> [Data to use]:
****************************************
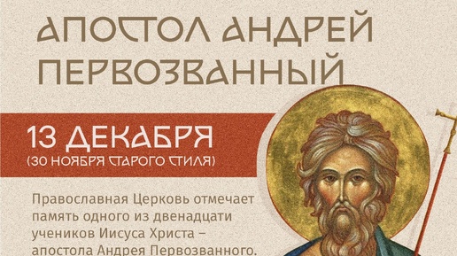 13 декабря (30 ноября старого стиля) Православная Церковь отмечает память одного из двенадцати учеников Иисуса Христа – апостола Андрея Первозванного. Апостол Андрей Первозванный издавна почитался на Руси. В «Повести временных лет» сообщается о его путешествии по Днепру, по будущему маршруту «из варяг в греки», с воздвижением креста на месте будущего Киева, и посещением земли ильменских словен...
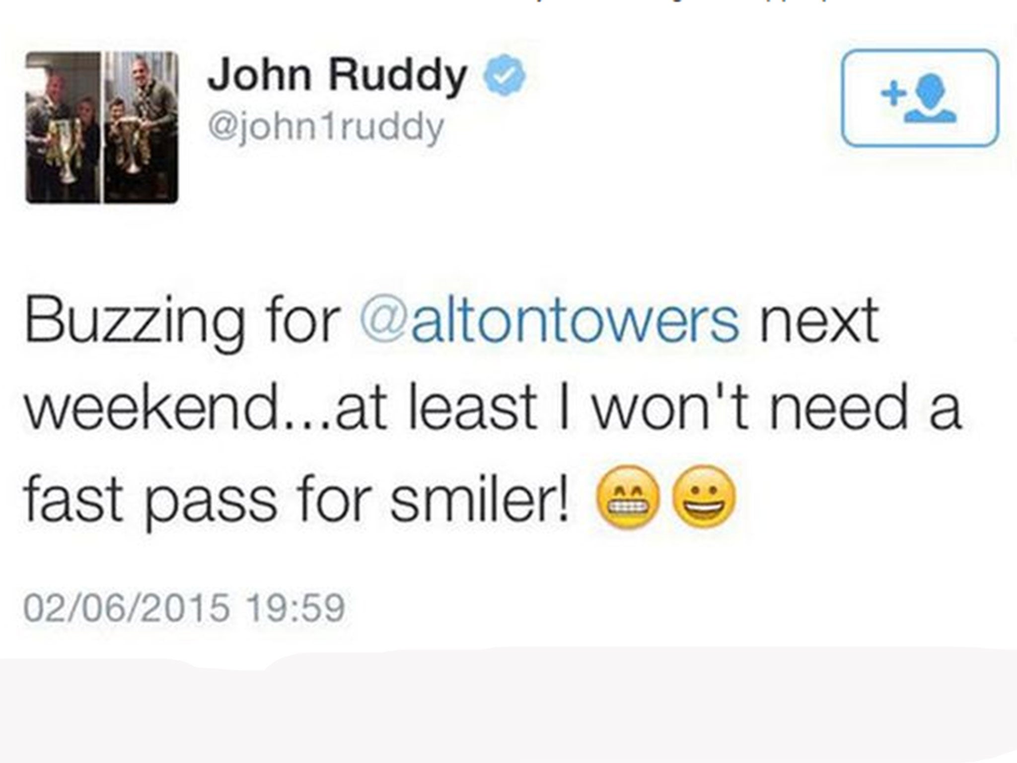 It read: "Buzzing for @altontowers next weekend...at least I won't need a fast pass for smiler!"
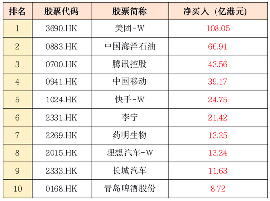 新经济(信息技术)仍是南向资金加仓重点。Wind数据显示,美团-W获南向资金净买入108.05亿港元,腾讯控股获43.56亿港元净买入,快手-W则获24.75亿港元净买入。大消费方面,汽车股理想汽车-W和长城汽车分别获南向资金13.24亿和11.63亿港元净买入,运动服装股李宁获21.42亿港元净买入,食品饮料股青岛啤酒股份则有8.72亿港元的净流入。
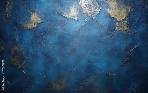 Fototapeta premium Dark blue textured wall with gold highlights.
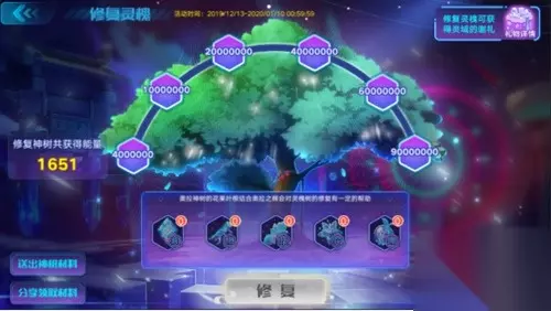 活动时间:2019年12月13日--2020年1月10日维护更新前 每日完成指定任务,可获得神树材料,帮助修复灵槐树可获得灵域的谢礼!镇魂联动时装、金色装备等惊喜奖励等你来领! 【最后一周】契合直升机
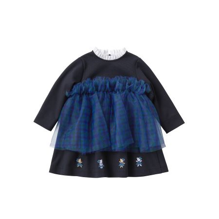 ギャザーのチュールを緞帳に見立ててステージの上でダンスをするクマちゃんたちを刺繍しました。 クマちゃんのつけている小さな立体リボンもポイント。お出かけにぴったりの一着です。
****************************************
> [Instructions for the task]:
When you set down the material above, keep every word exact and include no pictures.

> [Solution to this task]:
 13 декабря (30 ноября старого стиля) Православная Церковь отмечает память одного из двенадцати учеников Иисуса Христа – апостола Андрея Первозванного. Апостол Андрей Первозванный издавна почитался на Руси. В «Повести временных лет» сообщается о его путешествии по Днепру, по будущему маршруту «из варяг в греки», с воздвижением креста на месте будущего Киева, и посещением земли ильменских словен...
 It read: "Buzzing for @altontowers next weekend...at least I won't need a fast pass for smiler!"
 新经济(信息技术)仍是南向资金加仓重点。Wind数据显示,美团-W获南向资金净买入108.05亿港元,腾讯控股获43.56亿港元净买入,快手-W则获24.75亿港元净买入。大消费方面,汽车股理想汽车-W和长城汽车分别获南向资金13.24亿和11.63亿港元净买入,运动服装股李宁获21.42亿港元净买入,食品饮料股青岛啤酒股份则有8.72亿港元的净流入。
 Fototapeta premium Dark blue textured wall with gold highlights.
 活动时间:2019年12月13日--2020年1月10日维护更新前 每日完成指定任务,可获得神树材料,帮助修复灵槐树可获得灵域的谢礼!镇魂联动时装、金色装备等惊喜奖励等你来领! 【最后一周】契合直升机
 ギャザーのチュールを緞帳に見立ててステージの上でダンスをするクマちゃんたちを刺繍しました。 クマちゃんのつけている小さな立体リボンもポイント。お出かけにぴったりの一着です。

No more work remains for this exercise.